WORK TASK:
Beneath this instruction is a listing. Transcribe from it only the stretch from the line with "Nous avons conçu" through the line with "I have some", both end lines included, exactly as written.

--- DATA TO USE Enclosed Below ---

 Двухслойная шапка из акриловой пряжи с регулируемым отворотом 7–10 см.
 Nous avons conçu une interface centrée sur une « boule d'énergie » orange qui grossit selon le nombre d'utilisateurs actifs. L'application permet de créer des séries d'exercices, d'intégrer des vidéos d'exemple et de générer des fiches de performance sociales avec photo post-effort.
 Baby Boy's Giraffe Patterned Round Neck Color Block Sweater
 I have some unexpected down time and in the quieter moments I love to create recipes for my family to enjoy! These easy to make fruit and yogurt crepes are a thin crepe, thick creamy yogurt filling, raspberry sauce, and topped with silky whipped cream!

--- End of Enclosed DATA TO USE ---
--- DATA TO USE Enclosed Below ---

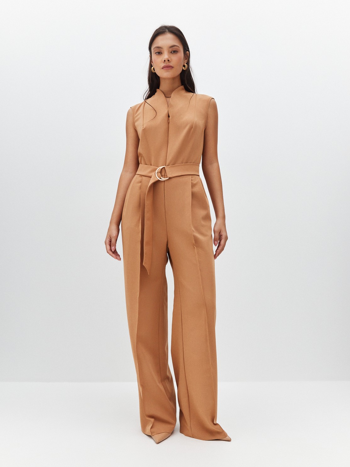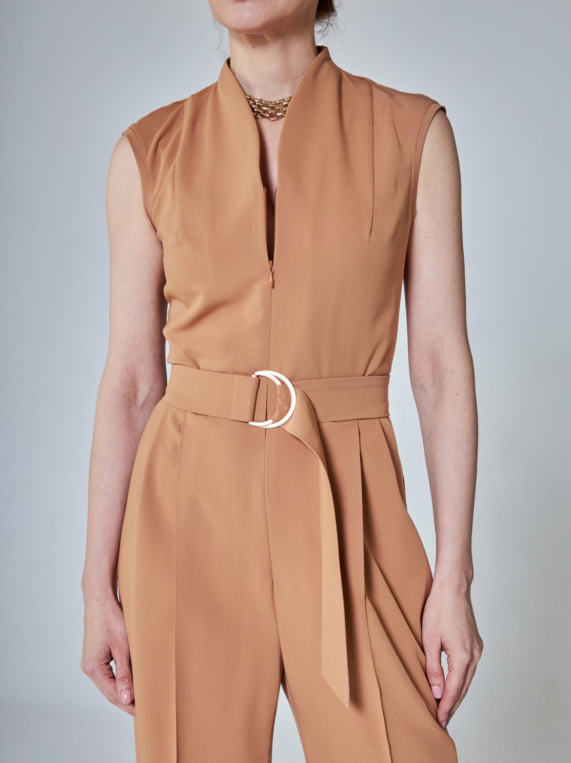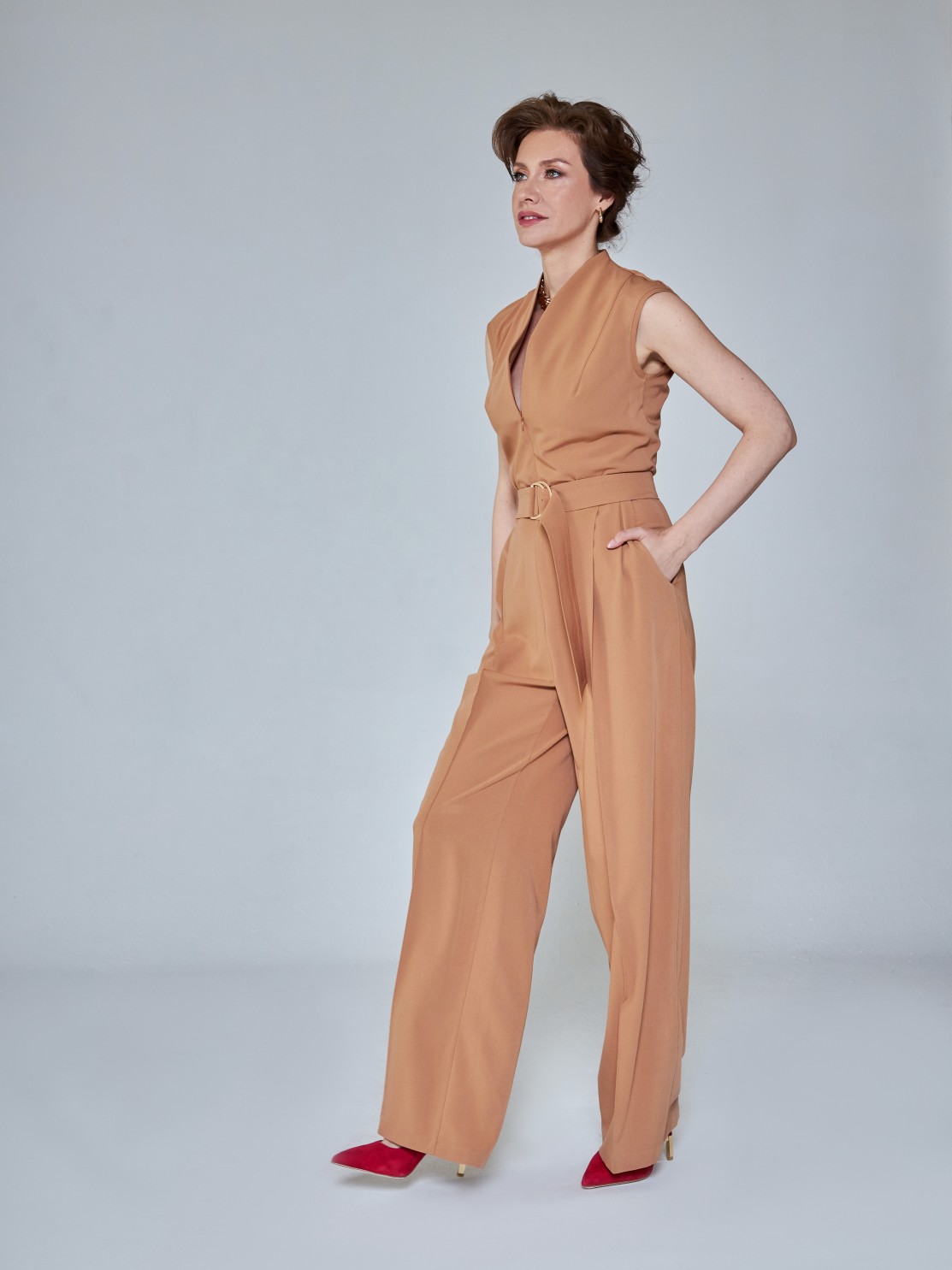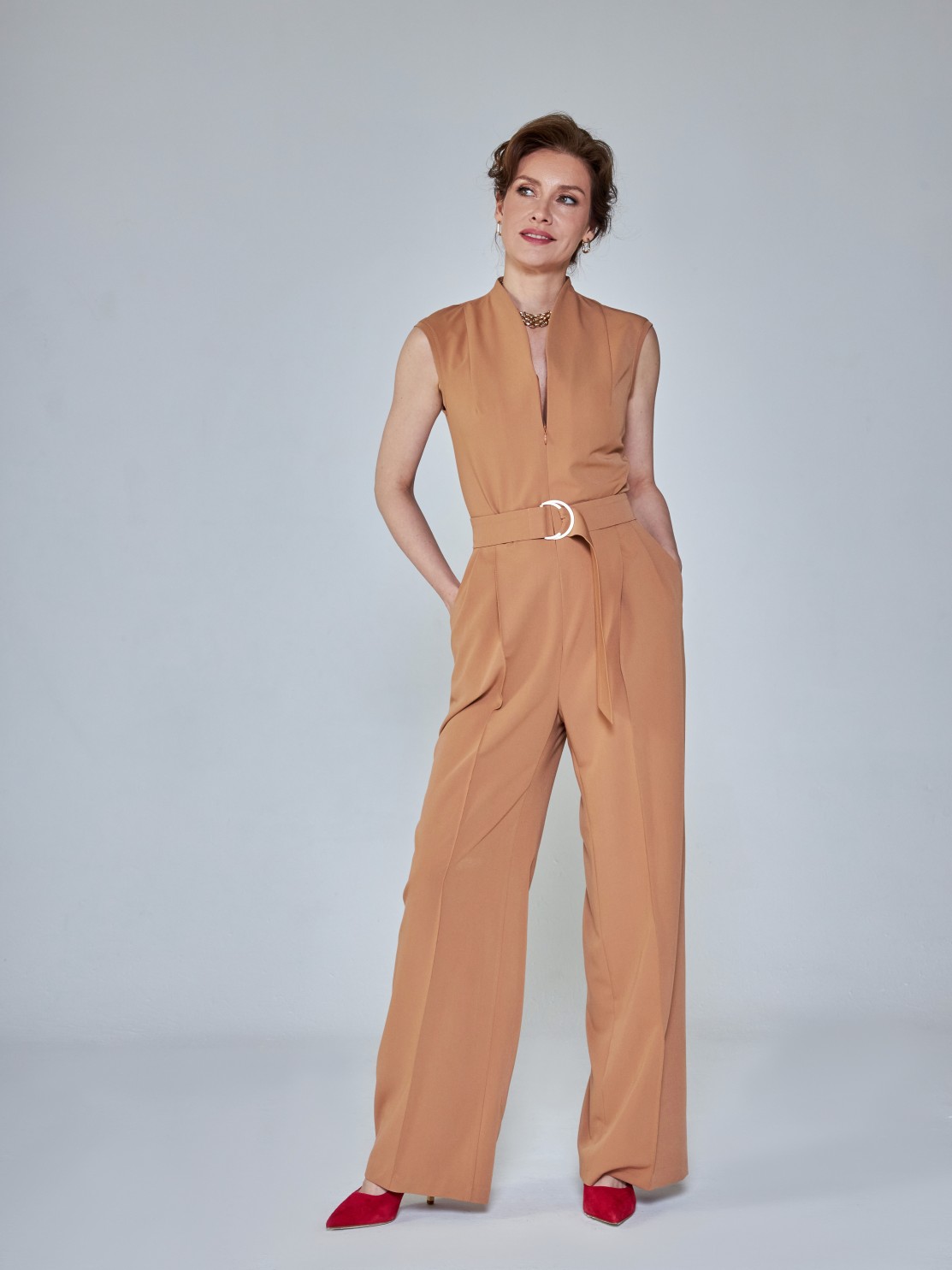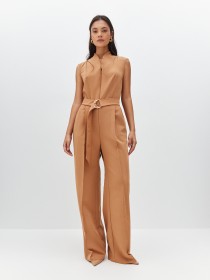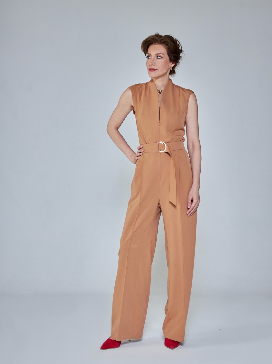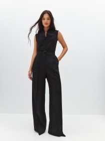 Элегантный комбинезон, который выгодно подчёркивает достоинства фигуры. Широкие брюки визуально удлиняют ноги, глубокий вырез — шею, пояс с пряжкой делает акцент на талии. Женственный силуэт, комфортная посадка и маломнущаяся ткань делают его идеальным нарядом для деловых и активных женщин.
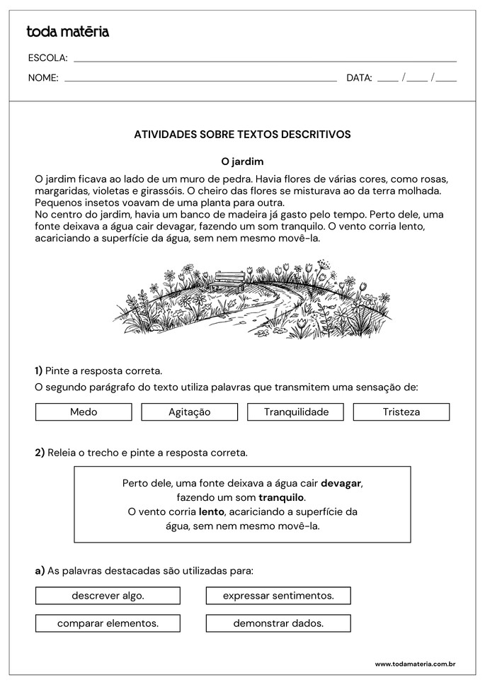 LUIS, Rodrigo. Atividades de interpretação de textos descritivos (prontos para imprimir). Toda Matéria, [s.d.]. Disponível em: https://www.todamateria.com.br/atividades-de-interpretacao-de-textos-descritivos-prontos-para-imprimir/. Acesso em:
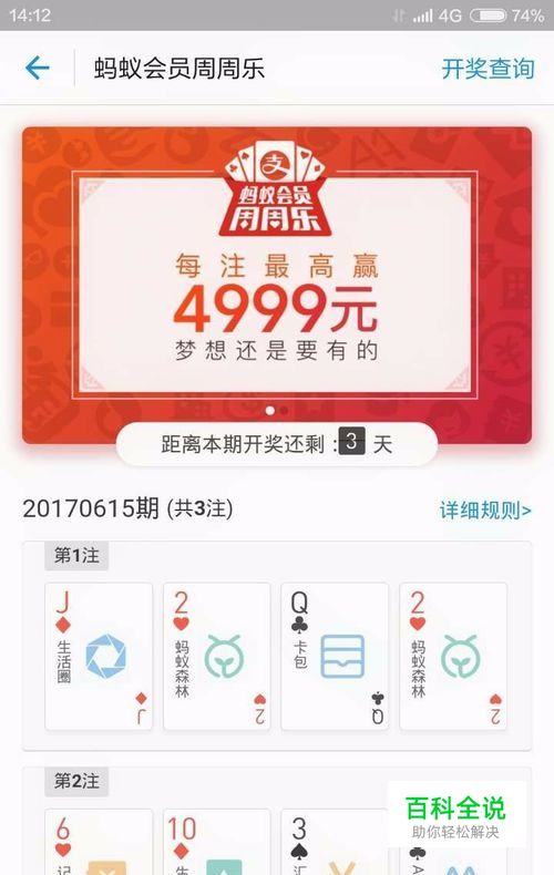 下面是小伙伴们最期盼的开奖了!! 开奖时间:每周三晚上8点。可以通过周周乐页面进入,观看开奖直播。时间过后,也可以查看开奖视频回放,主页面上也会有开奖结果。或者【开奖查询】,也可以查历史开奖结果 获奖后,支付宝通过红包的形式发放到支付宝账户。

--- End of Enclosed DATA TO USE ---
--- DATA TO USE Enclosed Below ---

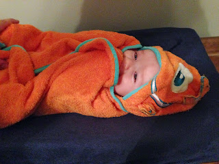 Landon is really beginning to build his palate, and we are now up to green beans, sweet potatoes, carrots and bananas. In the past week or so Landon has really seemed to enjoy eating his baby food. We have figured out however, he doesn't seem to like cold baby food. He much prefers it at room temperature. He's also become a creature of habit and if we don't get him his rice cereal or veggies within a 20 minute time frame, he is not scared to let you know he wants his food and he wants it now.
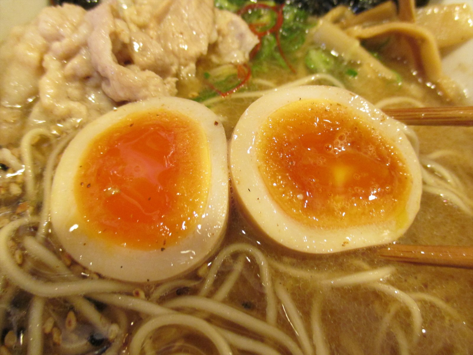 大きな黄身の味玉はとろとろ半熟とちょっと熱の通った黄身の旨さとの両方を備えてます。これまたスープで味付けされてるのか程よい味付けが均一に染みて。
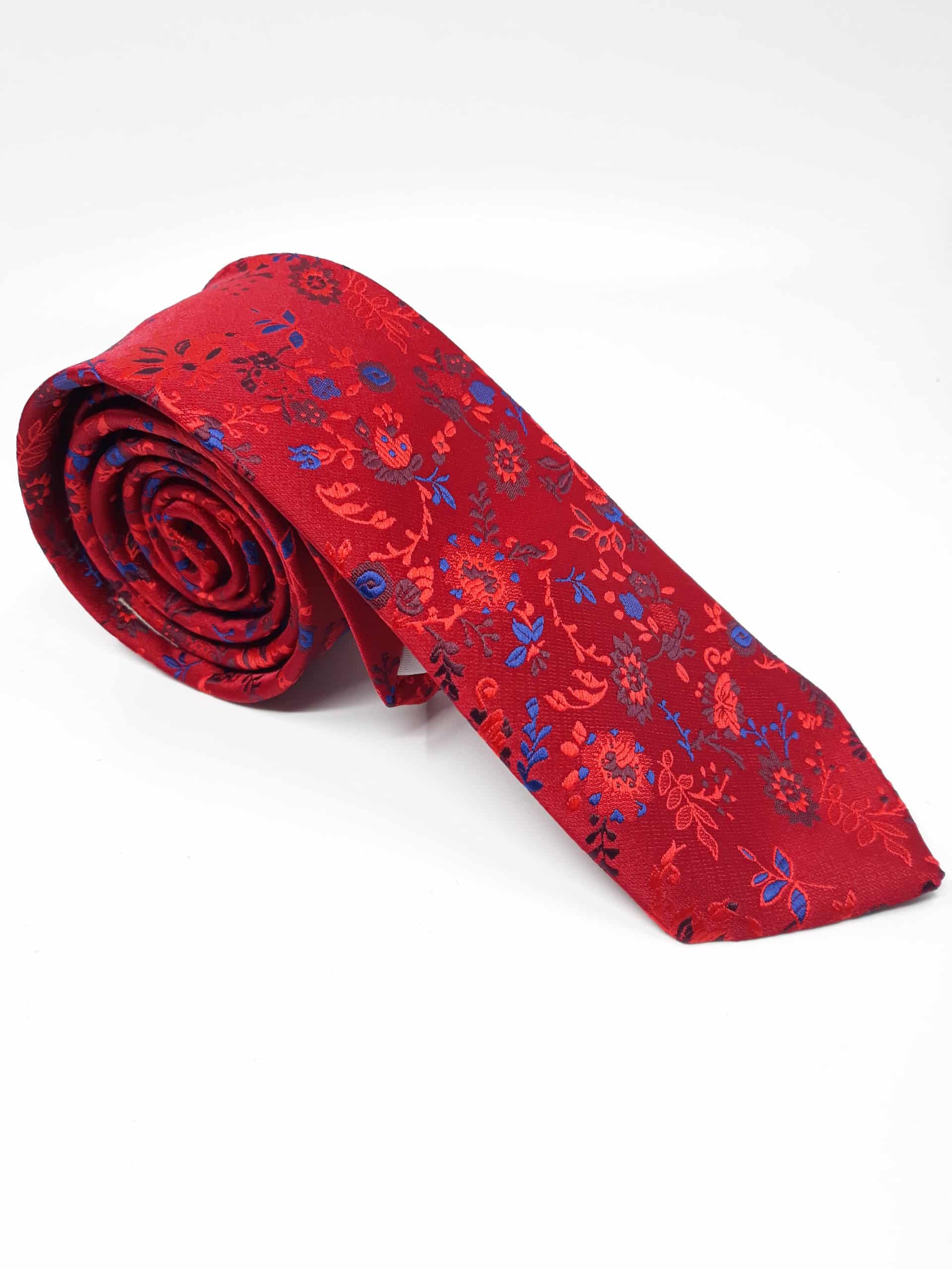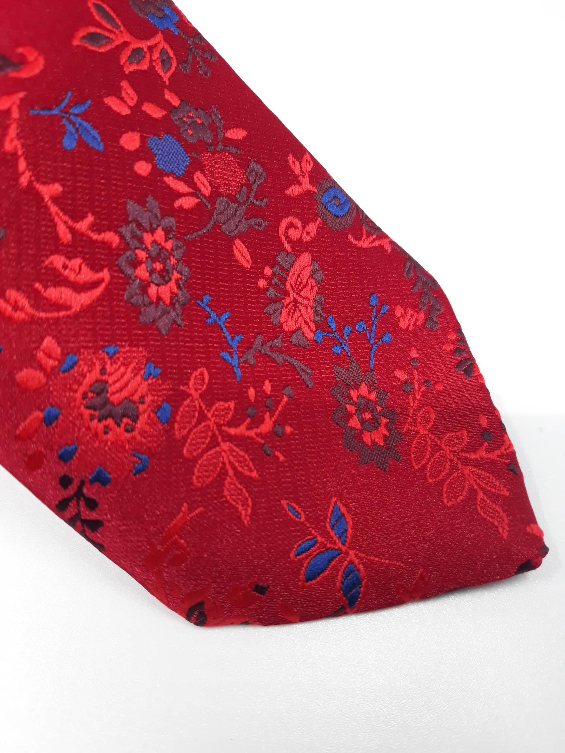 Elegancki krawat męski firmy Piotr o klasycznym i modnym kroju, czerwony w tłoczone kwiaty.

--- End of Enclosed DATA TO USE ---

EXPECTED ANSWER:
 Nous avons conçu une interface centrée sur une « boule d'énergie » orange qui grossit selon le nombre d'utilisateurs actifs. L'application permet de créer des séries d'exercices, d'intégrer des vidéos d'exemple et de générer des fiches de performance sociales avec photo post-effort.
 Baby Boy's Giraffe Patterned Round Neck Color Block Sweater
 I have some unexpected down time and in the quieter moments I love to create recipes for my family to enjoy! These easy to make fruit and yogurt crepes are a thin crepe, thick creamy yogurt filling, raspberry sauce, and topped with silky whipped cream!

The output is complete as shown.